Teoria
  • Contexto histórico: por que a proteção de dados se tornou prioridade na saúde;
  • A relação entre o cuidado assistencial e os dados pessoais do paciente;
  • Principais conceitos e atores envolvidos: dado pessoal, dado pessoal sensível, anonimização, consentimento, titular, controlador, operador e o encarregado de dados (DPO);
  • Visão geral da LGPD aplicada à saúde (arts. 5º, 6º, 7º, 11, 12,13, 18, 23 a 26, 37 a 41, 46 a 49, 48, 50, 52 a 54);
  • Diferença entre privacidade, segurança da informação e proteção de dados pessoais e sensíveis no âmbito da saúde.
Prática
  • Estudo de caso guiado: Análise de um prontuário fictício — identificar quais campos contêm dados sensíveis e quais medidas de proteção se aplicam, à luz da LGPD e dos normativos da Agência Nacional de Proteção de Dados (ANPD);
  • Exercício: Mapeamento rápido de fluxos de dados no dia a dia de um hospital (admissão, atendimento, alta, faturamento).
Teoria
  • Ciclo de vida do dado na assistência: coleta, registro, armazenamento, tratamento, compartilhamento e retenção/descarte;
  • Bases legais aplicáveis ao tratamento de dados na saúde (consentimento, tutela da saúde, execução de contrato cumprimento de obrigação legal ou regulatória e proteção da vida, conforme previsto na LGPD.);
  • Compartilhamento de dados entre equipes multiprofissionais: limites éticos, legais, assistenciais, observando o sigilo profissional, o princípio da necessidade e as disposições da LGPD;
  • Direitos dos titulares no contexto assistencial (acesso, correção, portabilidade, eliminação, anonimização, bloqueio, e revogação do consentimento).
Prática
  • Simulação: O paciente solicita acesso integral ao seu prontuário — como o serviço deve responder?

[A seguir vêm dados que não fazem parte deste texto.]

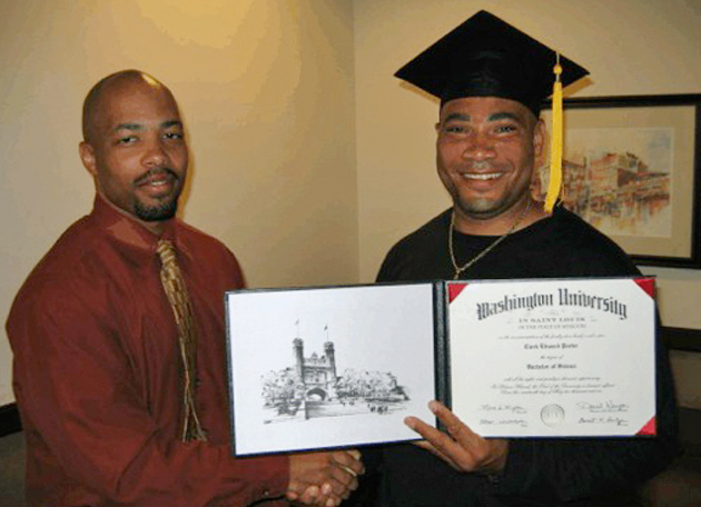He found part-time work as a tutor and research assistant, went on to earn a master’s degree in social work from the University of Missouri–St. Louis, and began looking for a career. He dropped off his résumé with Burris, who was intrigued. With the support of colleagues in the U.S. District Court, Eastern District of Missouri — particularly then Chief Judge Carol Jackson — Burris hired Porter. “I have to admit that originally I thought it was crazy to hire an ex-offender who had robbed a post office that we supervised,” Burris says. “But it turned out to be brilliant.”
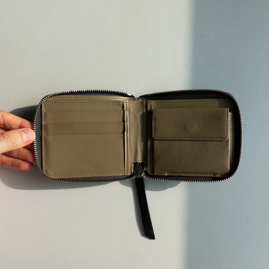 MARGARET HOWELL - Half Wallet (Black) *round zipper
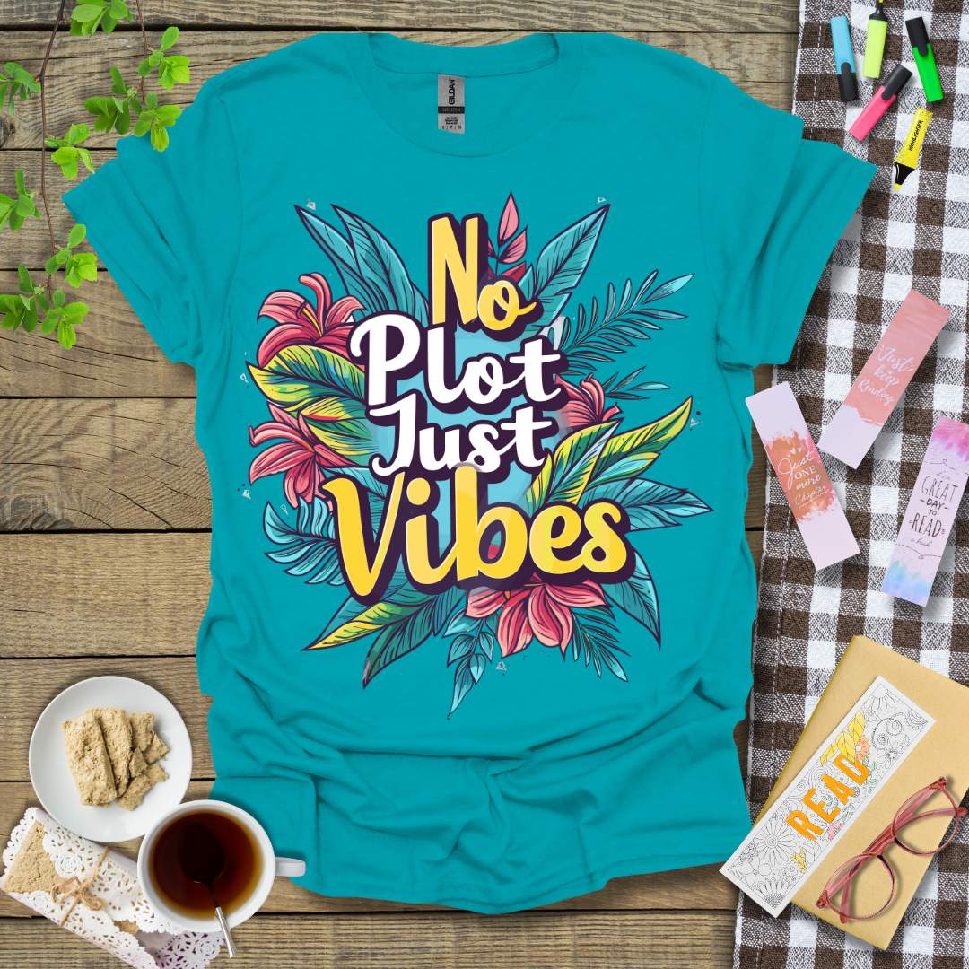 Who needs a storyline? This No Plot, Just Vibes graphic T-shirt is perfect for book lovers who live for the aesthetics, emotions, and chaotic storytelling!

  • Elaborar o fluxo de atendimento ao direito do titular de dados;
  • Exercício em grupo: Elaborar um Termo de Consentimento Livre e Esclarecido (TCLE) para um procedimento que envolve coleta de dados genéticos.
Teoria
  • Medidas técnicas e administrativas exigidas pela LGPD (art. 46 e 47), voltadas à proteção de dados pessoais e dados pessoais sensíveis;
  • Controle de segurança da informação, incluindo controle de acesso, criptografia, pseudonimização e registros de logs de auditoria;
  • Gestão de incidentes: como identificar, notificar e responder a possíveis vazamentos;
  • A importância da política de privacidade e do plano de adequação institucional como instrumentos de governança e conformidade com a LGPD.
Prática
  • Workshop prático: Simulação de um incidente de vazamento de dados — o grupo deve decidir: (a) como conter o vazamento e mitigação de riscos, (b) a quem notificar (interno e externo), (c) qual o prazo legal para comunicar a ANPD;
  • Checklist de adequação: Cada participante avalia seu setor/serviço contra uma lista de verificação de conformidade com a LGPD.
Teoria
  • Como a IA está sendo usada na saúde: diagnóstico assistido por algoritmos, predição de riscos, chatbots para triagem, prontuário inteligente;
  • Riscos específicos: viés algorítmico, opacidade decisional, risco de reidentificação de dados anonimizados e potenciais impactos na equidade, segurança e confiabilidade das decisões clínicas automatizadas ou assistidas por sistemas de IA;
  • O tratamento de dados para treinamento de modelos de IA — bases legais aplicáveis;
  • Regulamentações emergentes: Marco Legal da IA no Brasil (PL 2338/2023) e o AI Act europeu;
  • Resolução CFM nº 2.454/2026;
  • Limites éticos: autonomia do profissional vs. decisão algorítmica.
Prática
  • Estudo de caso real: Um hospital implementa um algoritmo de predição de sepse usando dados históricos de pacientes — quais seriam os requisitos legais e éticos antes de colocar em produção?
  • Debate guiado: "Até que ponto um modelo de IA pode tomar decisões assistenciais sem violar a privacidade do paciente?"
Teoria
  • Estruturando um Programa de Governança de Dados na instituição de saúde;
  • Papéis e responsabilidades: DPO, comitê de privacidade, equipe assistencial e área de TI;
  • Elaboração de Relatório de Impacto à Proteção de Dados (RIPD) — quando é obrigatório;
  • Como integrar proteção de dados à cultura organizacional.
Prática
  • Oficina final: Cada participante (ou grupo) elaborará um Plano de Ação Personalizado para sua instituição/setor, contendo:
    • 3 ações prioritárias de curto prazo (30 dias);
    • 3 ações de médio prazo (6 meses);
    • Indicadores de sucesso;
    • Apresentação e feedback dos planos.